What needs to be done:
Pictures do not belong in the copy; restate the records below word for word.

====== Input data

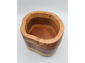 The body of the box is Red Tip Photina which Eddie salvaged from Mariedith Appanaitis's yard from a fallen tree. The jewel is a vintage drawer pull. Mariedith's mom is a retired French teacher, thus the French twist.
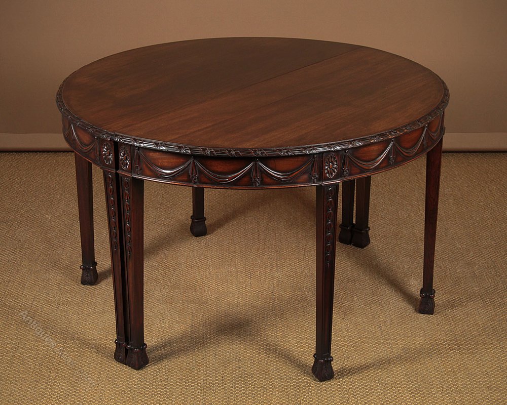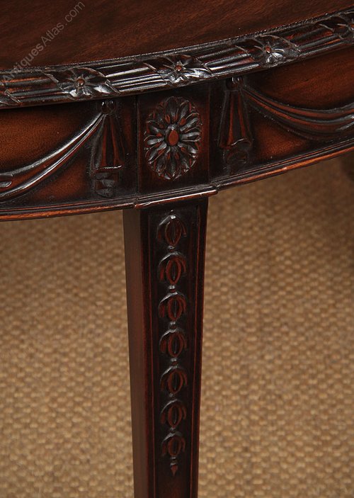 Pair of Adams style demi-lune side antique tables c.1930. Semi circular tables solid mahogany tops with carved edges over aprons carved with cloth swags and flower head roundels with a slim moulding to the lower edge. Raised on square legs carved with harebell garlands to the fronts and tapering to carved scrolling acanthus feet. Ideal as a pair of elegant console tables or can be pushed together to make a circular table for six. Very good condition. Cleaned and waxed in our workshops.
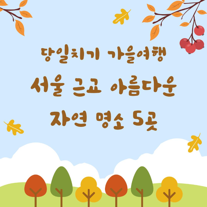 올해 10월은 징검다리 연휴가 많은 달입니다. 월차 연차를 사용해 며칠씩 날을 잡아 여행을 떠나는 것도 좋지만 여건이 안 된다면 당일치기로도 가볼 만한 여행지가 많이 있습니다. 이 포스팅에서는 당일치기 가을 여행지로 서울 근교에 아름다운 자연 명소 5곳을 살펴보겠습니다.
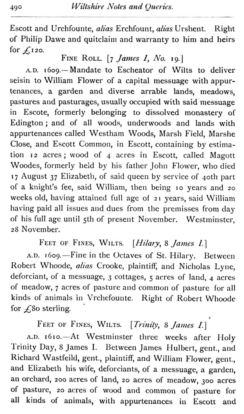 Chapter 12 Two Wiltshire Monuments; Records of Wiltshire Parishes: Urchfont with Stert; Wiltson House and its Literary Associations; Stokes; The Chrysom Book of St. Thomas, New Sarum; Quakerism in Wiltshire; Wroughton, Sadler Monumental Inscriptions; Wiltshire Wills
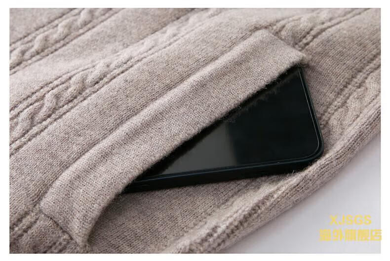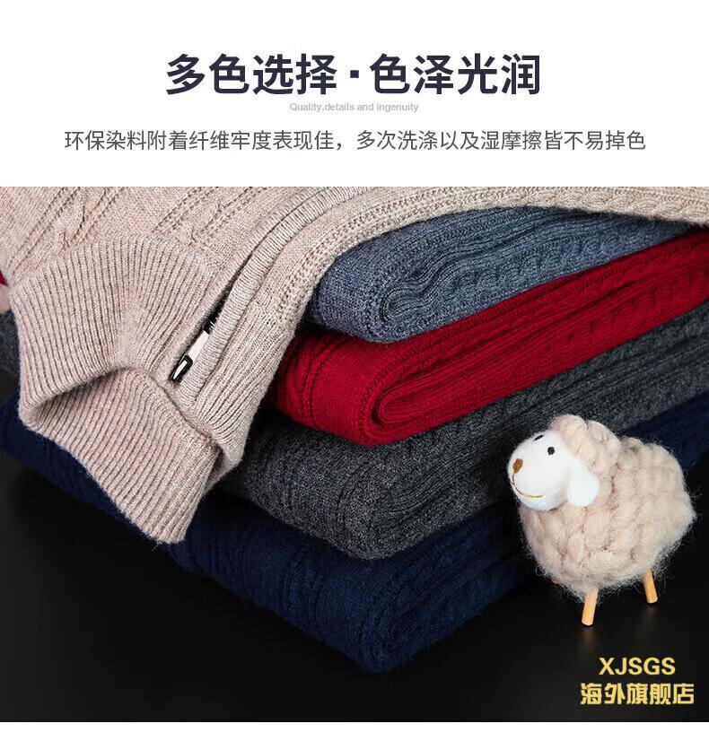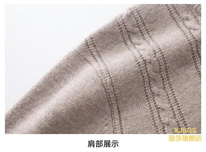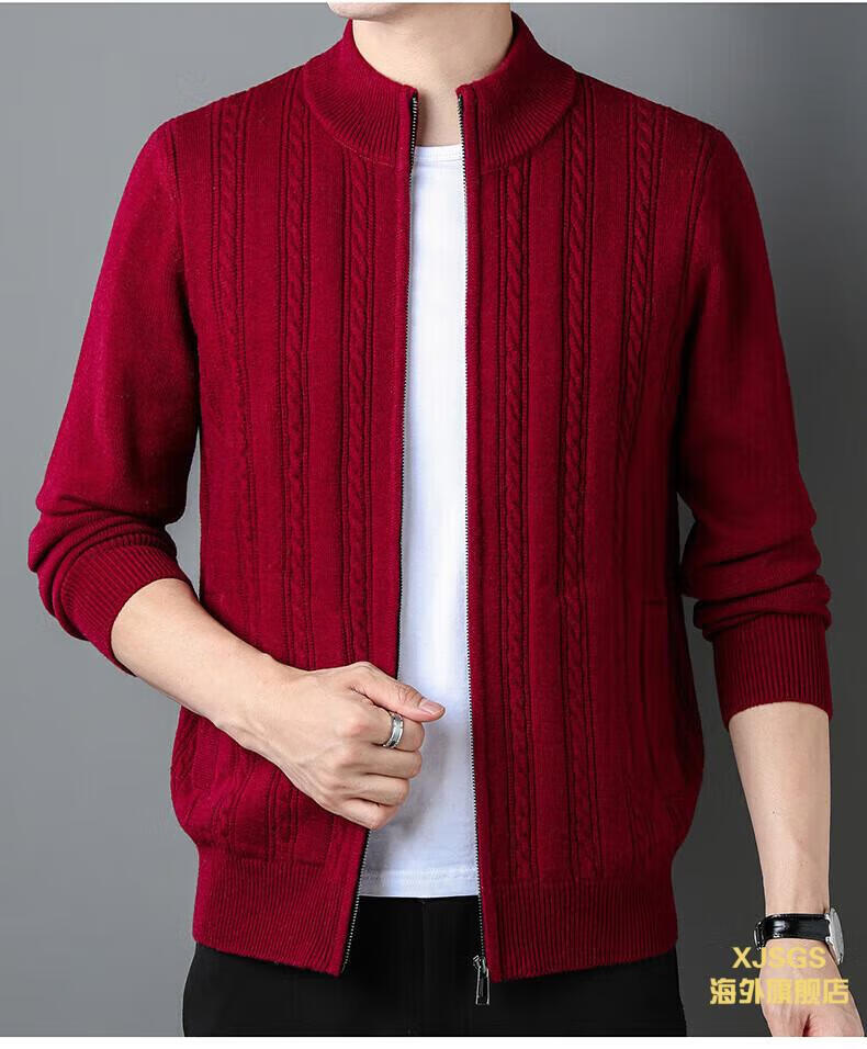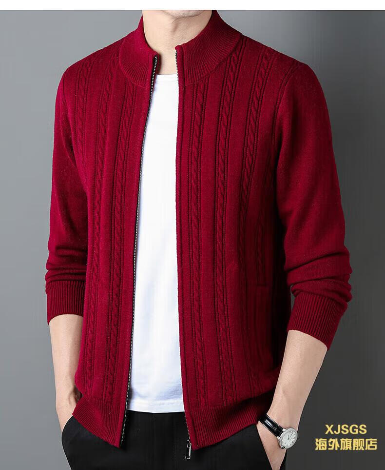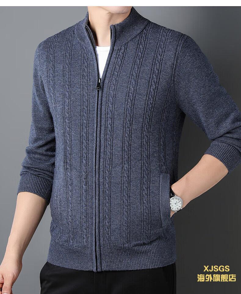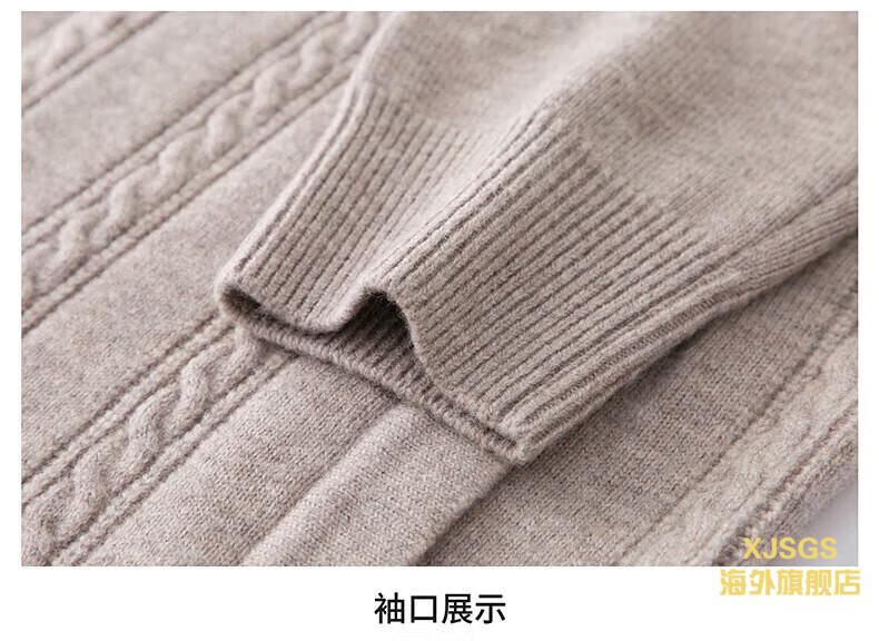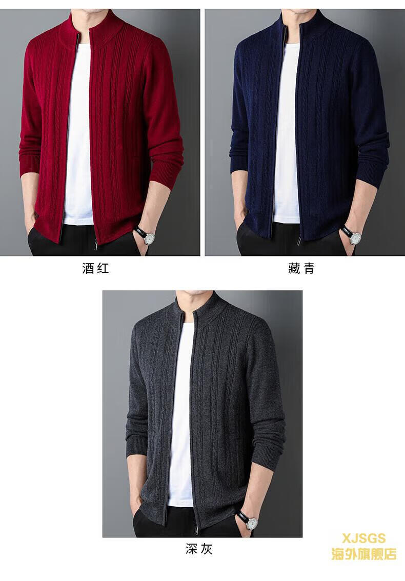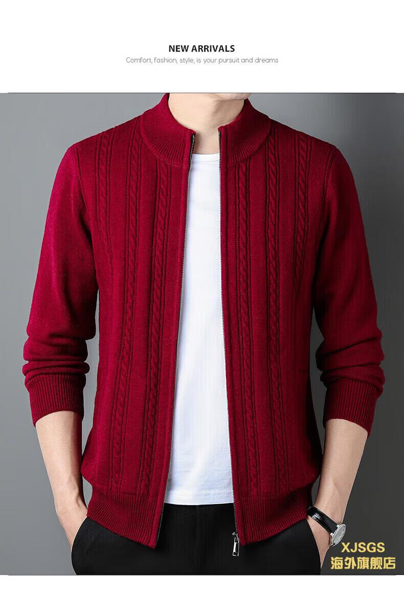 XJSGS international high-end brand men's pure woolen sweater 2025 spring and autumn stand-up collar solid color dad light luxury knitted cardigan high-end rice camel spot speed L recommendation 120-140Jin Jin equals 0.5 kg
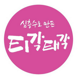 The non-Latin characters in the mark transliterate to "Shim-cheng-soo-ro-man-den" and this means "made by deep water" in English. The non-Latin characters in the mark transliterate to "Tigak Taegak" and this has no meaning in a foreign language.

============

Exercise solution:
 The body of the box is Red Tip Photina which Eddie salvaged from Mariedith Appanaitis's yard from a fallen tree. The jewel is a vintage drawer pull. Mariedith's mom is a retired French teacher, thus the French twist.
 Pair of Adams style demi-lune side antique tables c.1930. Semi circular tables solid mahogany tops with carved edges over aprons carved with cloth swags and flower head roundels with a slim moulding to the lower edge. Raised on square legs carved with harebell garlands to the fronts and tapering to carved scrolling acanthus feet. Ideal as a pair of elegant console tables or can be pushed together to make a circular table for six. Very good condition. Cleaned and waxed in our workshops.
 올해 10월은 징검다리 연휴가 많은 달입니다. 월차 연차를 사용해 며칠씩 날을 잡아 여행을 떠나는 것도 좋지만 여건이 안 된다면 당일치기로도 가볼 만한 여행지가 많이 있습니다. 이 포스팅에서는 당일치기 가을 여행지로 서울 근교에 아름다운 자연 명소 5곳을 살펴보겠습니다.
 Chapter 12 Two Wiltshire Monuments; Records of Wiltshire Parishes: Urchfont with Stert; Wiltson House and its Literary Associations; Stokes; The Chrysom Book of St. Thomas, New Sarum; Quakerism in Wiltshire; Wroughton, Sadler Monumental Inscriptions; Wiltshire Wills
 XJSGS international high-end brand men's pure woolen sweater 2025 spring and autumn stand-up collar solid color dad light luxury knitted cardigan high-end rice camel spot speed L recommendation 120-140Jin Jin equals 0.5 kg
 The non-Latin characters in the mark transliterate to "Shim-cheng-soo-ro-man-den" and this means "made by deep water" in English. The non-Latin characters in the mark transliterate to "Tigak Taegak" and this has no meaning in a foreign language.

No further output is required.